Systems and genome-wide approaches unite to provide a route to personalized medicine
© BioMed Central Ltd. 2012
Published: 30 March 2012
A report on the Keystone Symposium 'Complex Traits: Genomics and Computational approaches', Breckenridge, Colorado, USA, 20-25 February 2012.
Translating biological findings into healthcare
The study of complex traits in humans and model organisms has made considerable progress in recent years. Technological innovation facilitated an era of genome-wide association studies (GWASs) to investigate complex traits. Multi-dimensional high-resolution genomics data capture dynamics of cellular state and function, enabling the elucidation of complex biological networks. As echoed throughout the recent Keystone Symposium, vast amounts of genomic data are being generated, with implications for health and disease at both the population and individual levels. A key challenge for the community is how to best use this deluge of data. We need significant efforts in informatics, analytic methods development, meta-dimensional data integration, data sharing, data visualization, and strategies for bringing actionable biology into healthcare. The recognition of biology as a complex and informational science was seen as being first and foremost, and there was palpable excitement that we are truly on the cusp of discoveries that will revolutionize human health.
A view from the GWAS community
Current efforts of the GWAS community can be divided into two broad categories: discovery of novel risk loci, and extraction of biologically meaningful information from identified loci. Mark McCarthy (Oxford University) illustrated several successful approaches under way in type 2 diabetes (T2D) research. Meta-analysis of multiple case-control cohorts has resulted in new associations and identified a large number of variants with diminishing effect sizes. Fine mapping in non-Caucasian populations, functional genomics, and network-based approaches in disease-relevant tissues are identifying causal genes and elucidating functional mechanisms. Elizabeth Speliotes (University of Michigan) echoed these themes, with approaches implicating novel genes and pathways in obesity and non-alcoholic fatty liver disease. However, how to translate potentially causal genes into therapeutics can be less transparent. Sekar Kathiresan (Massachusetts General Hospital) described a Mendelian randomization approach to test whether the association of higher plasma high-density lipoprotein cholesterol (HDL-C) with reduced myocardial infarction (MI) risk is causal. The results of the study challenge the idea that raising plasma HDL-C will reduce MI risk; it is an important cautionary tale demonstrating that robust disease biomarkers may not always be feasible as therapeutic targets. A shift towards evaluation of rare and low-frequency variant effects on complex traits through whole-genome and exome sequencing is currently under way, as are epigenome-wide association studies, as exemplified by a genome-wide study of brain methylation in Alzheimer's disease (described by Manolis Kellis, Massachusetts Institute of Technology).

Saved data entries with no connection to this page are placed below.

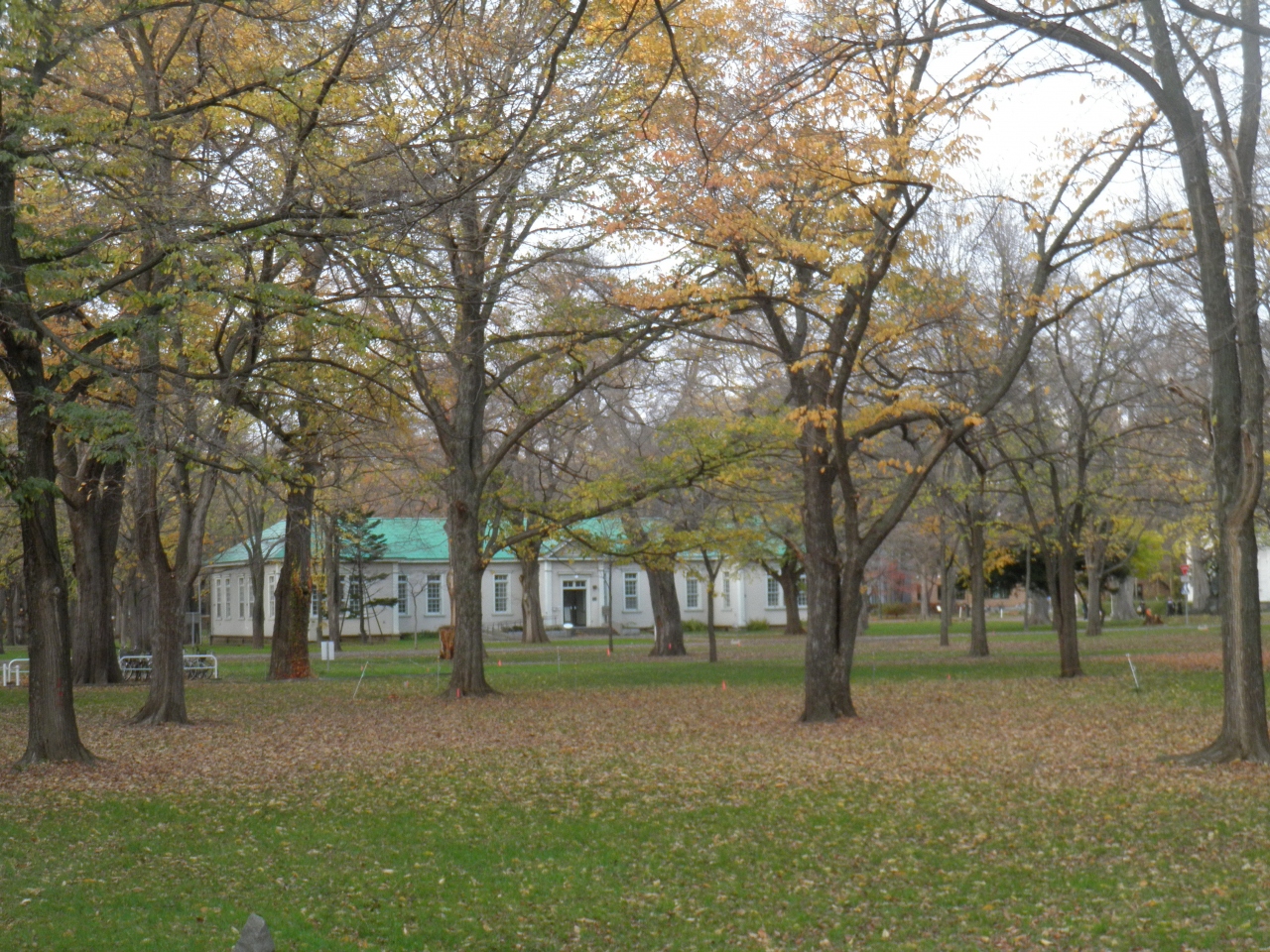 旧札幌農学校校舎は、札幌の北海道大学のキャンパスにあります。 農学部の立派な建物の前方にある、緑色の屋根の平屋です。 林の中にあるので、紅葉の時期にはなかなか趣があります。 近くには、聖蹟碑やクラーク博士の胸像などがあります。
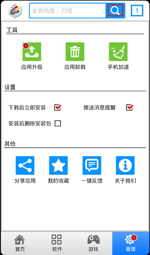 進入管理界面之後,可以在這裡進行應用升級、應用卸載和手機加速等操作,在這點擊右上方的搜索按鈕,即可進入搜索界面進行搜索,如圖:
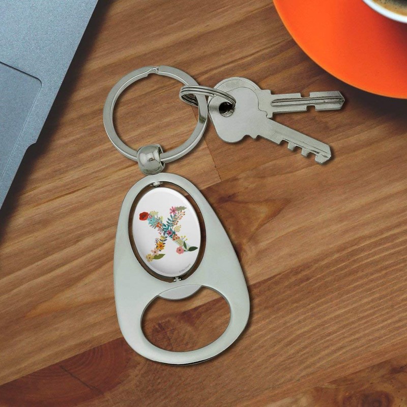 GRAPHICS & MORE Letter X Floral Monogram Initial Keychain Chrome Metal Spinning Oval Bottle Opener
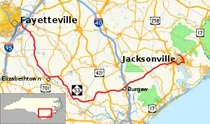 The highway begins near Fayetteville in Cumberland County. It runs through mostly rural areas in Bladen County, Pender County, and Onslow County before emerging near Jacksonville.[2]

Many of these studies are moving from identified associations to an understanding of function. Kellis' whirlwind tour of data resources and analytic tools illustrated how the ENCODE project's data are being used to annotate dynamic regulatory elements in multiple human cell types, and can be mined to develop models of genetic effects.
Focus on health disparities
A workshop was held with the aim of better understanding how genomics research informs and impacts issues related to health disparities. Joshua Akey (University of Washington) provided a population genetics perspective by describing the National Heart, Lung, and Blood Institute Exome Resequencing project, comprising high-coverage exome sequencing of over 2,000 African-American and European-American individuals. A high number of predicted deleterious variants were identified per individual, with the overall frequency spectrum dominated by very rare (mostly singleton) variants, consistent with human population demography models.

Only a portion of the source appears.